Темные круги под его глазами казались еще гуще, еще рельефнее.

— Что вы знаете? — спросил, слегка запинаясь.

— Все, — повторил Корсаков.

— А что же именно? — лукавил старик, и веря и не веря Корсакову или стараясь просто-напросто выгадать время, чтобы придумать некую готовую отговорку или ложь, пришедшую в голову.

Корсакову вдруг стало совестно: в конце концов, не его это дело — выговаривать бывшему Дусиному мужу, в сущности, он тоже хорош… И потом, уж вовсе негуманно попрекать больного, обреченного человека, да еще кто попрекает? Врач, тот, кто сразу все должен понимать, чуть ли не с первого взгляда…

У Марины, его младшей, было любимое выражение: «Замнем для ясности» — для тех случаев, когда хотела поставить точку, больше ни о чем не говорить.

И сейчас Корсаков произнес те же самые слова:

— Замнем для ясности…

Притворно улыбнулся, улыбаться ему было, что называется, никак не с руки; однако старик сразу же повеселел, поверив его улыбке.
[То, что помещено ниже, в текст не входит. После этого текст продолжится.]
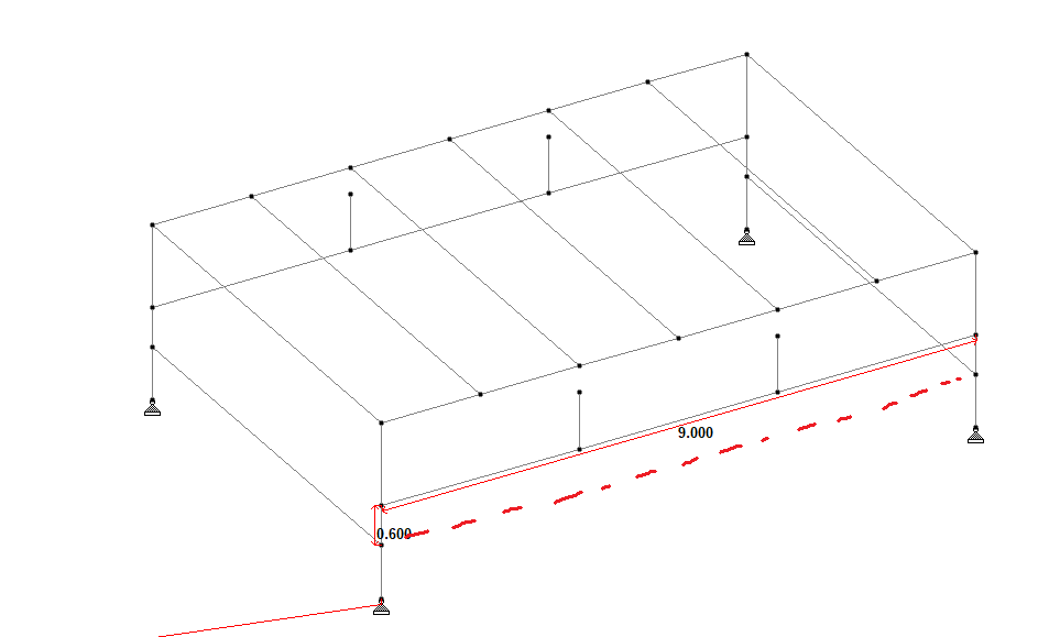 构建一个简易模型辅助说明:模型中包含左右两组结构,其中左侧结构距支座节点的距离为1m,右侧结构距支座节点的距离为0.5m。

— Вы не думайте, — заговорил быстро, оживленно, наверно, спеша высказаться, пока его опять не сразил кашель, — у нас с нею были очень хорошие отношения, я часто ездил сюда, навещал ее и к Вале я очень хорошо относился, спросите ее, она скажет, очень даже хорошо…

— А это кто? — перебил Корсаков старика, подойдя к фотографии, висевшей над Дусиной карточкой. — Это Валины сыновья?

— Кто же еще, они самые, — охотно подтвердил старик. — А рядышком ихний отец, Валин муж.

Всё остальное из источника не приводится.